Task item: Leave out every picture and set down, exactly, the lines below from the one holding "Madeira castanha escura, em" up to and including the one holding "أدنى مستوياتها التاريخية.".
=== Data supplied ===
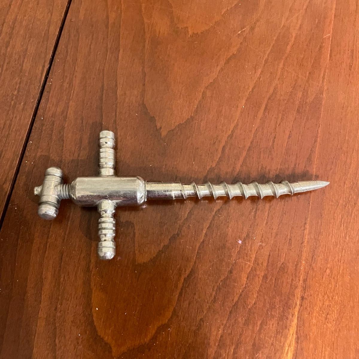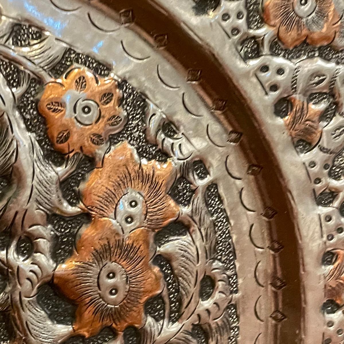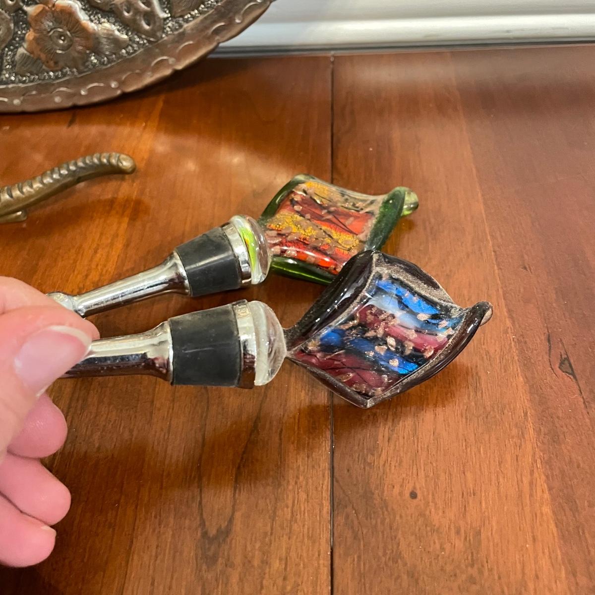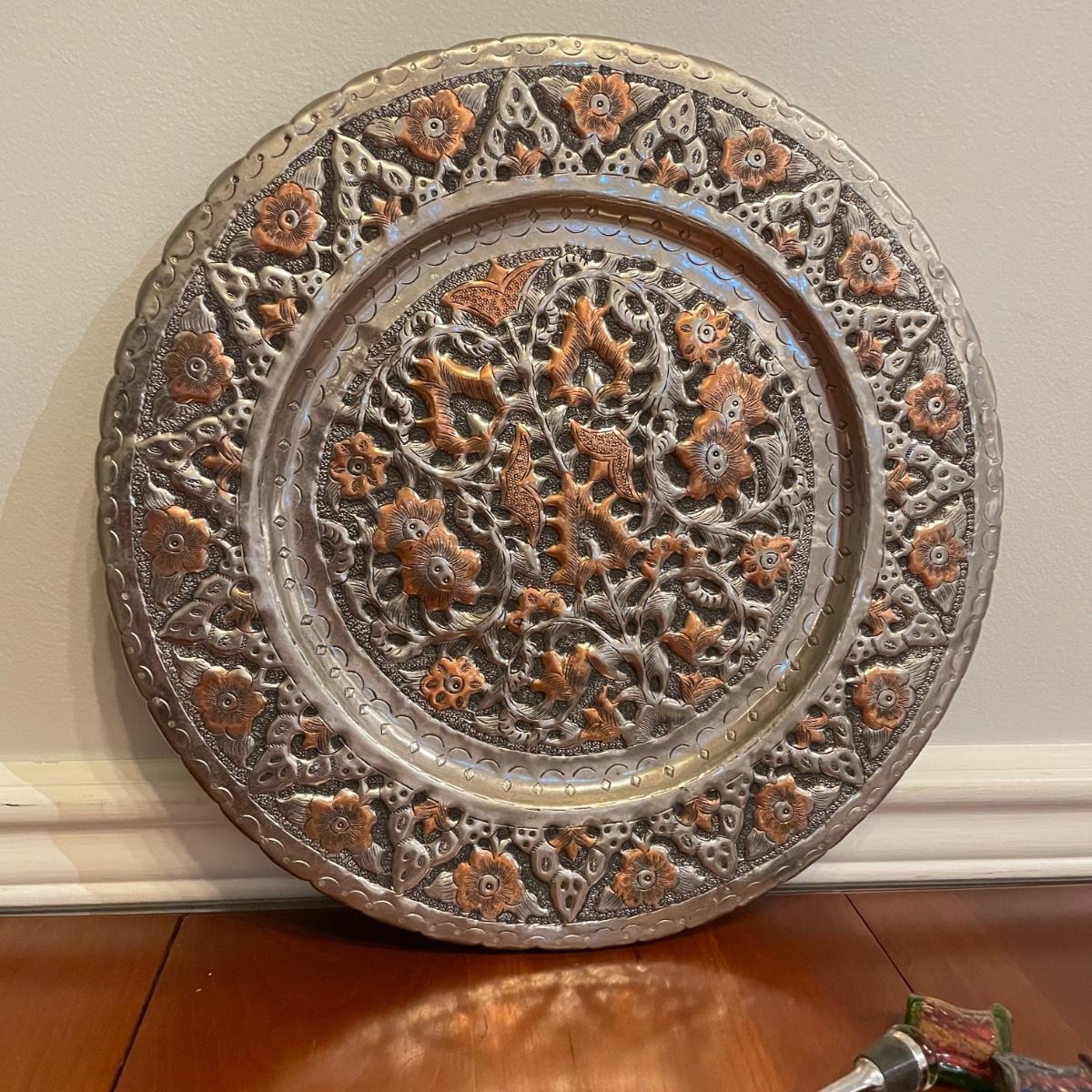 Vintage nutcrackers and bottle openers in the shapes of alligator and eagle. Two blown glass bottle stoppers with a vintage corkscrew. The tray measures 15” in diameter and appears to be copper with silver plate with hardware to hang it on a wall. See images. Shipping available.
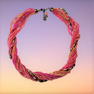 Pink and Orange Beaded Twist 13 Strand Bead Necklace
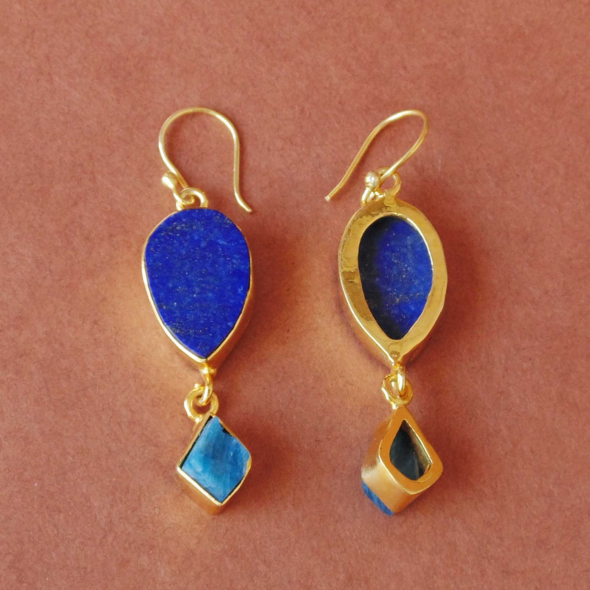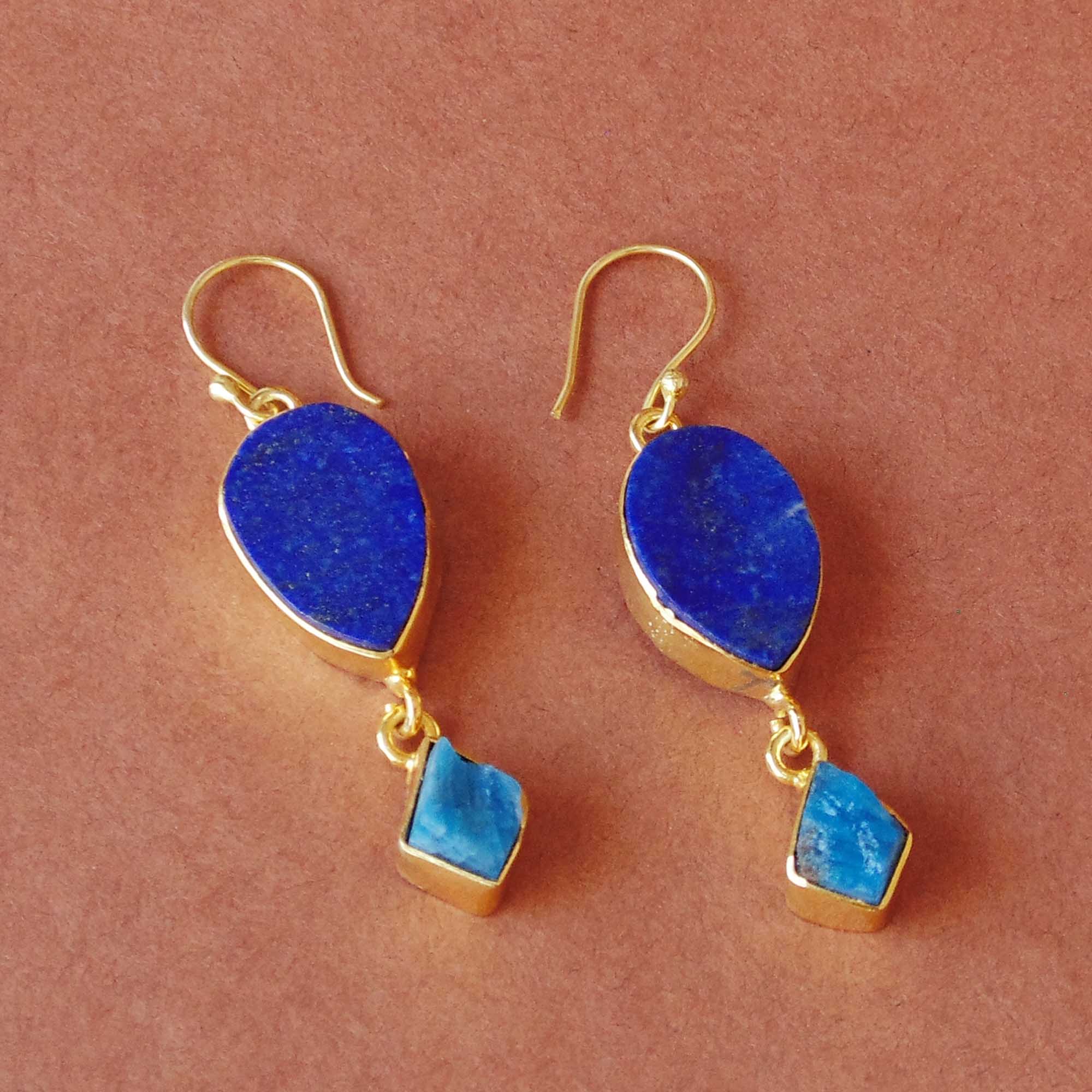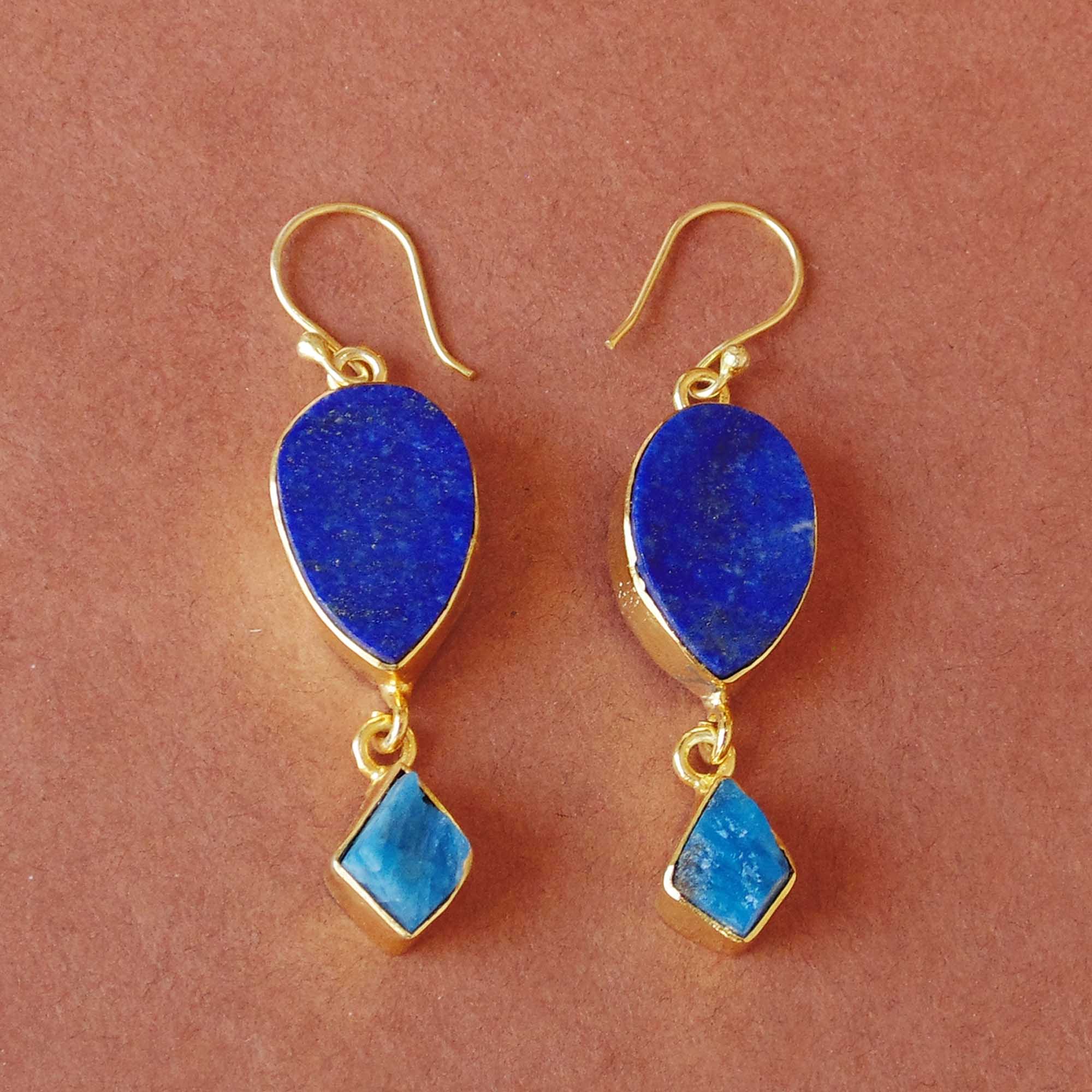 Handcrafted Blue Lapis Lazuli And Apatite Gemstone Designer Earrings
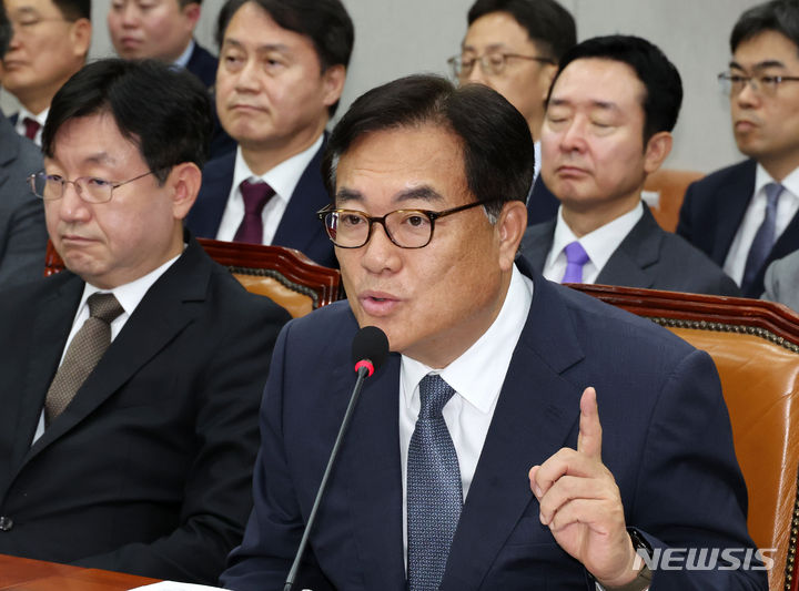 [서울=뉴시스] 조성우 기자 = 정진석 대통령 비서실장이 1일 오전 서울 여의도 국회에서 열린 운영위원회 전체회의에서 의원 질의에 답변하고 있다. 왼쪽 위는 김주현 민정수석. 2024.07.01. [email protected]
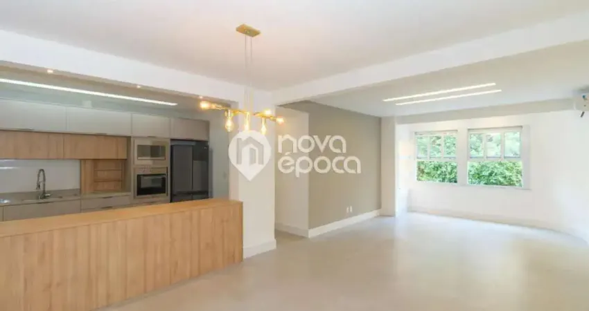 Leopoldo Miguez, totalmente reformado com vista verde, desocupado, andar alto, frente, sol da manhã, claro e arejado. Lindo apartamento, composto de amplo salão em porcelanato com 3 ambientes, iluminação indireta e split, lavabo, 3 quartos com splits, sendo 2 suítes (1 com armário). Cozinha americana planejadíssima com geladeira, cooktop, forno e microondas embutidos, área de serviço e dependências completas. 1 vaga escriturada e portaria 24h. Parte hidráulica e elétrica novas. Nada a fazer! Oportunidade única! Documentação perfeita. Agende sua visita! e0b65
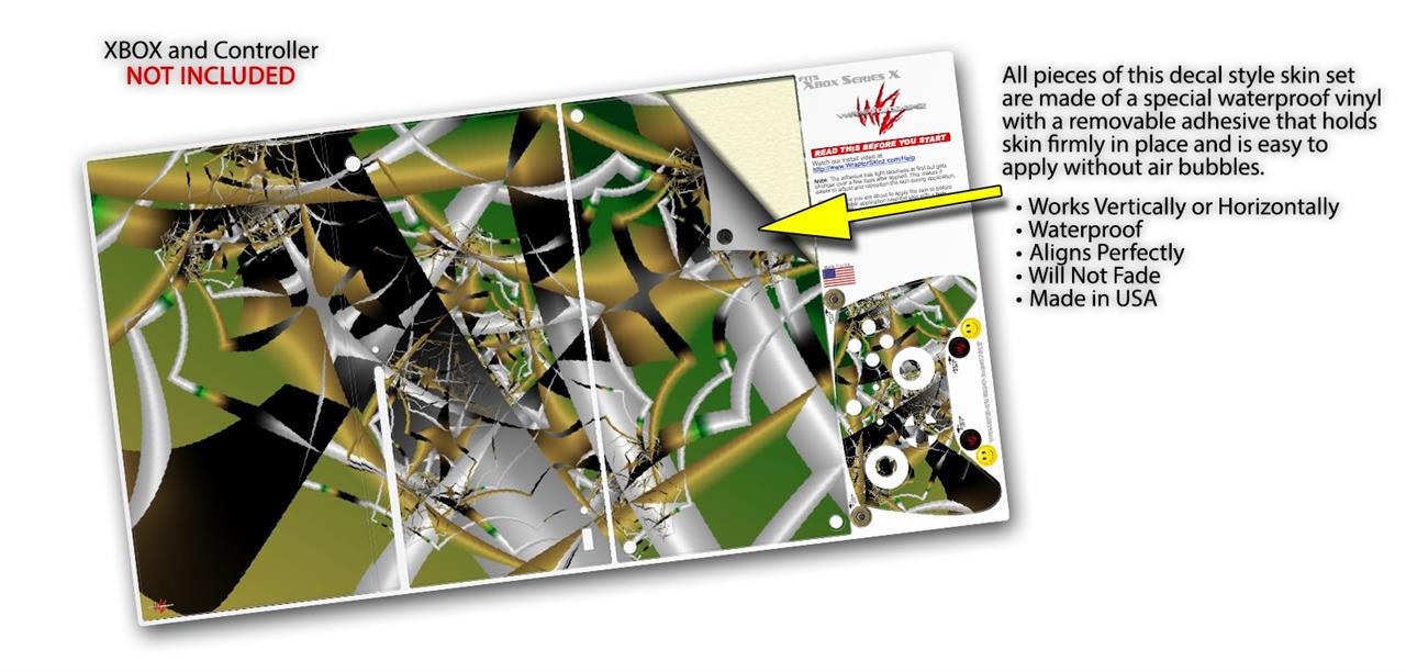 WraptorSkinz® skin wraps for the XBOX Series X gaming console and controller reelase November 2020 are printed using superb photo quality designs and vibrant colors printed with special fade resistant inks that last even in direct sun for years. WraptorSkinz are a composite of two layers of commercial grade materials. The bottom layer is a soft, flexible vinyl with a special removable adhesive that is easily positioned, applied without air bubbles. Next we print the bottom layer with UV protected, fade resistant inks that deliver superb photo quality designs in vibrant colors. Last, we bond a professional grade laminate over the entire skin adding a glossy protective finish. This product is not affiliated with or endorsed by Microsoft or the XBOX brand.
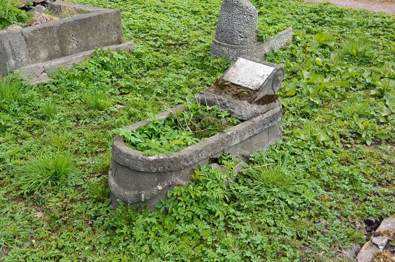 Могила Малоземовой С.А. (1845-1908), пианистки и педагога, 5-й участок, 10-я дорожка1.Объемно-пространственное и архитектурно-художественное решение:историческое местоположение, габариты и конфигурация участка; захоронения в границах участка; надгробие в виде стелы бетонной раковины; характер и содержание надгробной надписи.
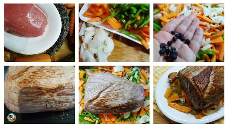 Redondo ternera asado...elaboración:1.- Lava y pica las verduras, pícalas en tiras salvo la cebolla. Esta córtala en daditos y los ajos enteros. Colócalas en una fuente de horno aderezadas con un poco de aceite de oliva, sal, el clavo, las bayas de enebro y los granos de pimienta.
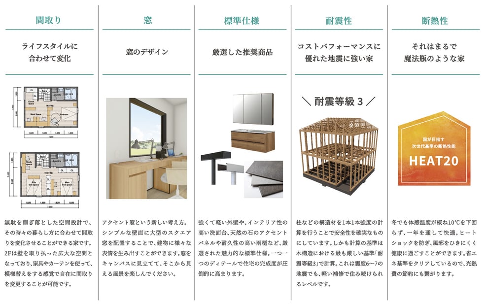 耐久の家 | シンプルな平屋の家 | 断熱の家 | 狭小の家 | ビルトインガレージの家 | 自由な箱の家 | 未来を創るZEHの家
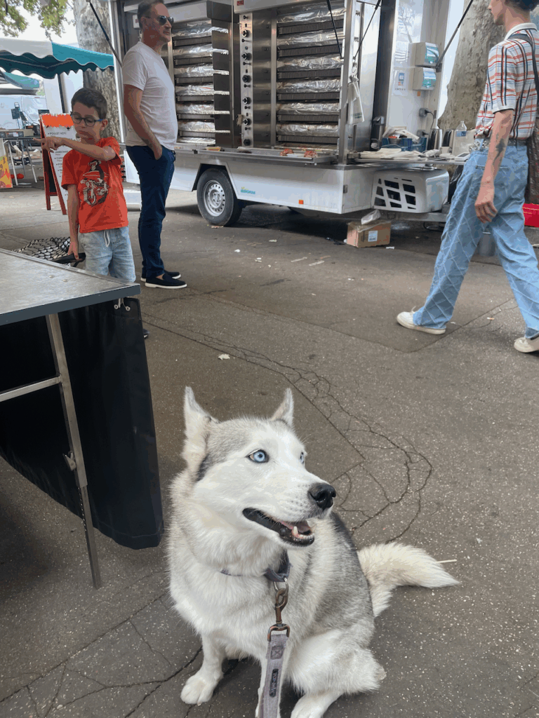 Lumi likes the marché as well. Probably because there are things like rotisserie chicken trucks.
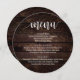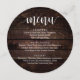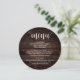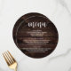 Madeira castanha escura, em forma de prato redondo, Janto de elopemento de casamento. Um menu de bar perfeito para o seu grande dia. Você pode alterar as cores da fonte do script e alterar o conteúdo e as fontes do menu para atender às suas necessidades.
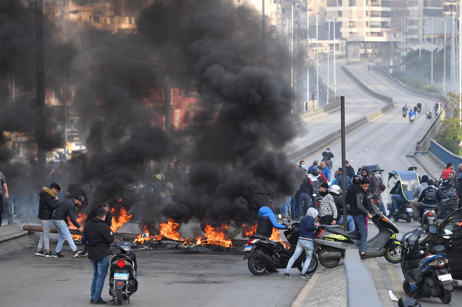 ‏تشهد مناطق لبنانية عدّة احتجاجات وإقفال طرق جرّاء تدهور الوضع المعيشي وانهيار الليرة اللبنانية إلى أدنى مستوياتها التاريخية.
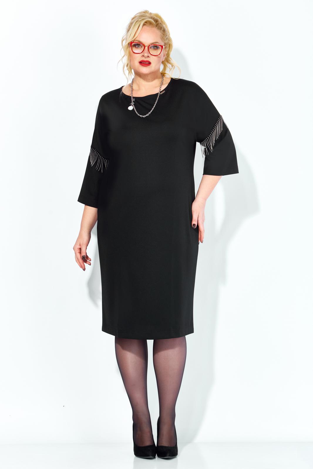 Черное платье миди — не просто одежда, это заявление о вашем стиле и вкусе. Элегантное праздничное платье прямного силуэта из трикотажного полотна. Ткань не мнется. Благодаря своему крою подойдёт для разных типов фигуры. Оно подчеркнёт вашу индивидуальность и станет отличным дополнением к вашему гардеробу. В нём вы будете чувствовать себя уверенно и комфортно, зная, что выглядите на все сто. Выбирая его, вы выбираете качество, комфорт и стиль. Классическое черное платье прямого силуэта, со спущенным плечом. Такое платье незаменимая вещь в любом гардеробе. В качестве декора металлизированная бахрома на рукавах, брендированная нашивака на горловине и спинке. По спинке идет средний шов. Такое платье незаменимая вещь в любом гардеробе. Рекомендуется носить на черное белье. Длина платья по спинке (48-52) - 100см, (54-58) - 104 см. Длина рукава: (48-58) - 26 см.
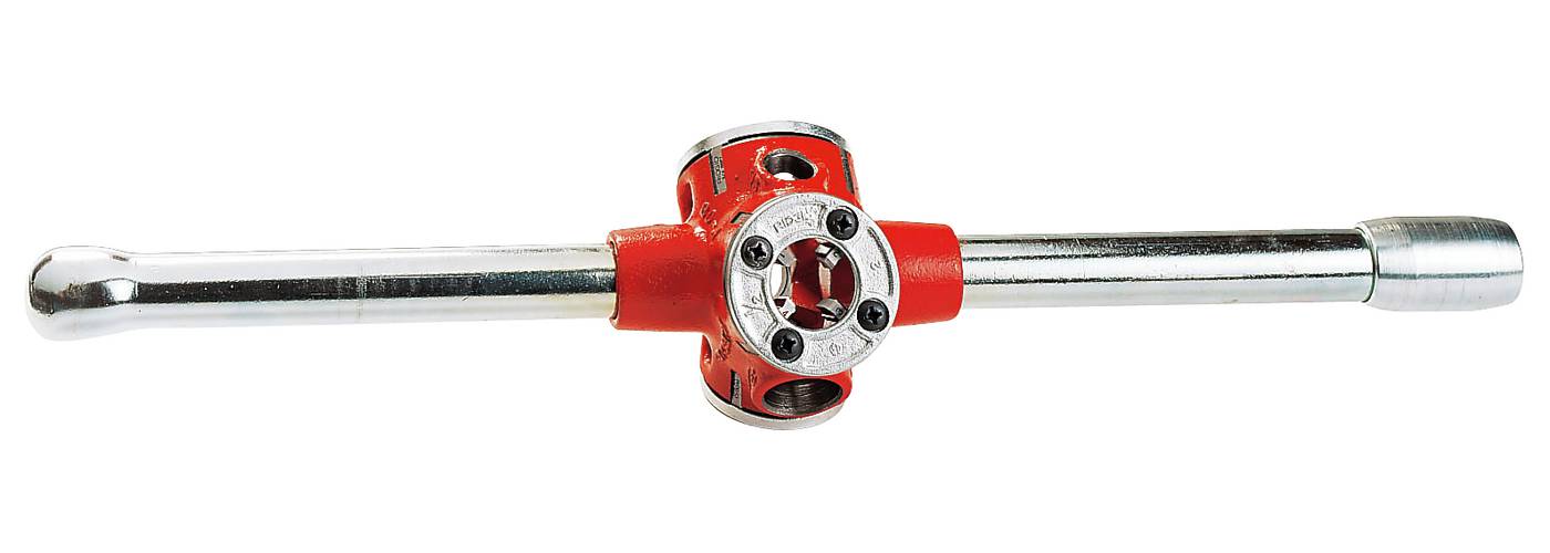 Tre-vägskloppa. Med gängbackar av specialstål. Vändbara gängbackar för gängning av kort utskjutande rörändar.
===
Answer to this task:
 Madeira castanha escura, em forma de prato redondo, Janto de elopemento de casamento. Um menu de bar perfeito para o seu grande dia. Você pode alterar as cores da fonte do script e alterar o conteúdo e as fontes do menu para atender às suas necessidades.
 ‏تشهد مناطق لبنانية عدّة احتجاجات وإقفال طرق جرّاء تدهور الوضع المعيشي وانهيار الليرة اللبنانية إلى أدنى مستوياتها التاريخية.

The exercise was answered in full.